Referred to as the Smokers’ Bill of Rights, the law also prohibits employers from treating tobacco users differently from others when setting “compensation and benefits, or terms and conditions.” Twenty-eight other states have similar employment protections for tobacco users.
The committee has not scheduled a hearing for the bill.
Questions Reasons for Intrusion
Aeon Skoble, a professor of philosophy at Bridgewater State University and a policy advisor for The Heartland Institute, which publishes Budget & Tax News, says people’s legal leisure activities shouldn’t matter to their employers.
“It’s hard to see what an employer’s interest is in making sure that none of her employees have a cigar on Saturday night,” Skoble said. “On the one hand, private employers should have broad leeway to dismiss employees, and certainly if your company’s policy is nonsmoking, it could be appropriate to fire someone for smoking on the job, but it is not consistent with the spirit of liberty for the employer to have that level of interest in what you’re doing outside of work.”
‘Bigotry and Hatred’
Christopher Snowdon, director of lifestyle economics at the Institute of Economic Affairs, says governments are a major source of anti-tobacco agitation.

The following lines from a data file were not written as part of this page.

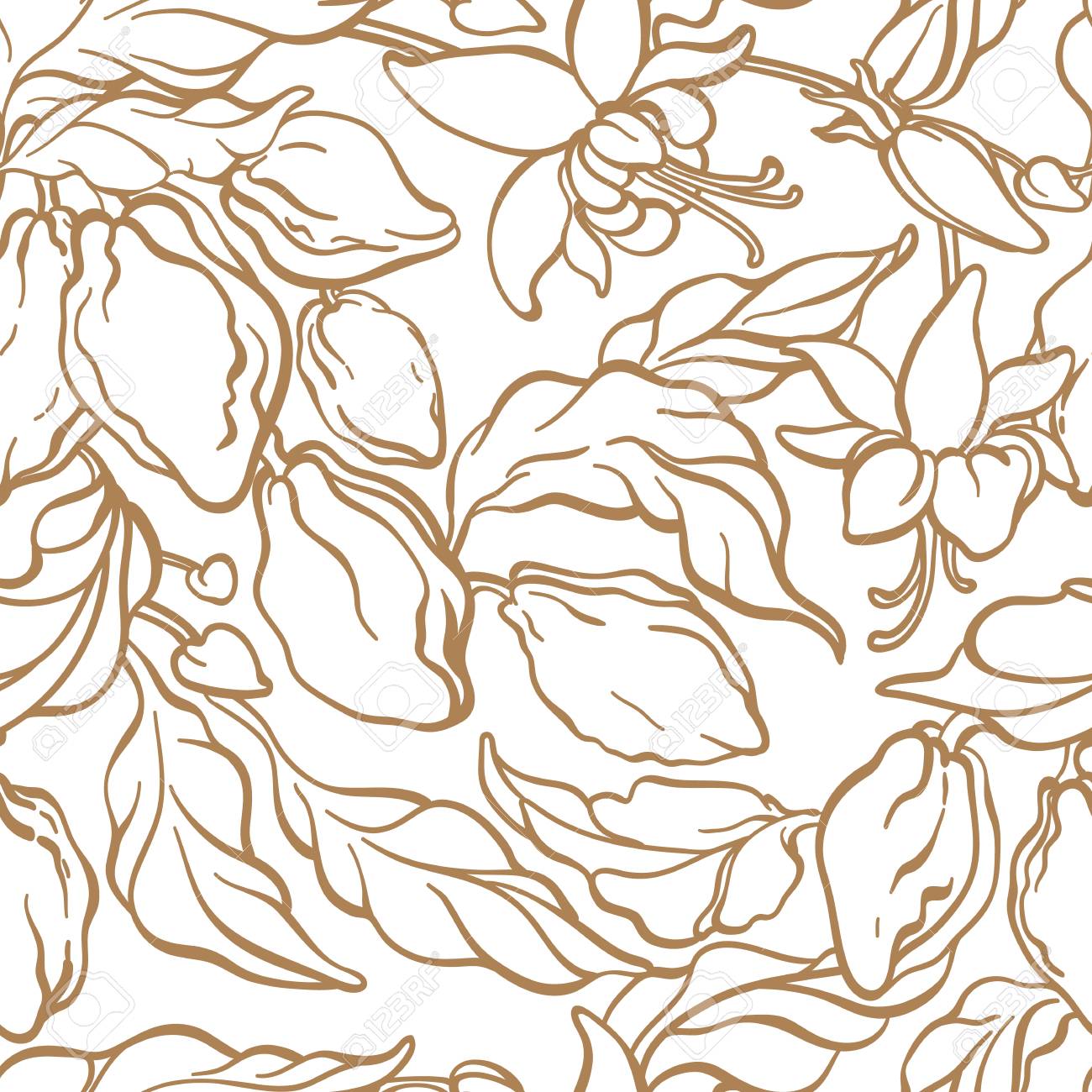 Vector Seamless Pattern Of Cocoa Tree With Leaf Bean Flower
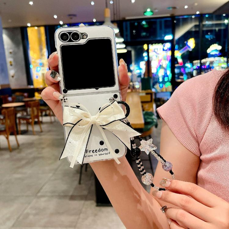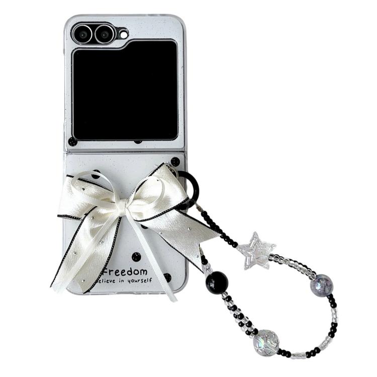 For Samsung Galaxy Z Flip5 Glitter Powder Dots Pattern Phone Case with Bow Bracelet(White)
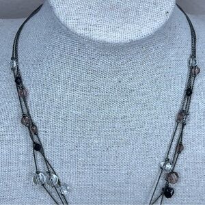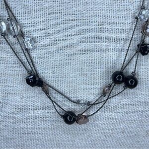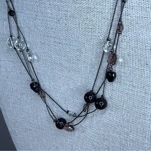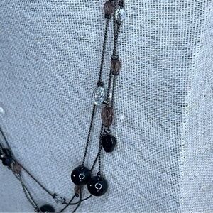 BEADED NECKLACE CHROME SILVER BLACK LAYERED BOHO BOHEMIAN

“There is a great deal of bigotry and hatred towards smokers in present-day America, much of which is deliberately fomented by the government,” Snowdon said. “The repeal of the Indiana legislation would send out a message that smokers should be discriminated against. In practice, it will not only be cigarette smokers who are penalized, but those who consume any form of nicotine, because the only thing you can test for is nicotine in the bloodstream or urine.”
‘Big Brother-ish Impulses’
Off-duty tobacco-use protections balance competing interests and rights, Skoble says.
“Laws such as the so-called Smokers’ Bill of Rights are probably a useful corrective to the Big Brother-ish impulses that are all too common in today’s society,” Skoble said. “As a general rule, I am not comfortable with the government telling employers how to run their businesses, but a lot of discrimination is actually fostered by government in the first place. Laws like this might encourage employers to think twice about engaging in discrimination based on non-work-related criteria.”
Skoble says workers should be judged on their work, not their pastimes.
“Employers should be basing personnel decisions on work-related criteria,” Skoble said. “Would it be appropriate to dismiss an employee for getting a cocktail after work, for eating meat, for watching too much television, for voting third-party, or for interfaith marriage?”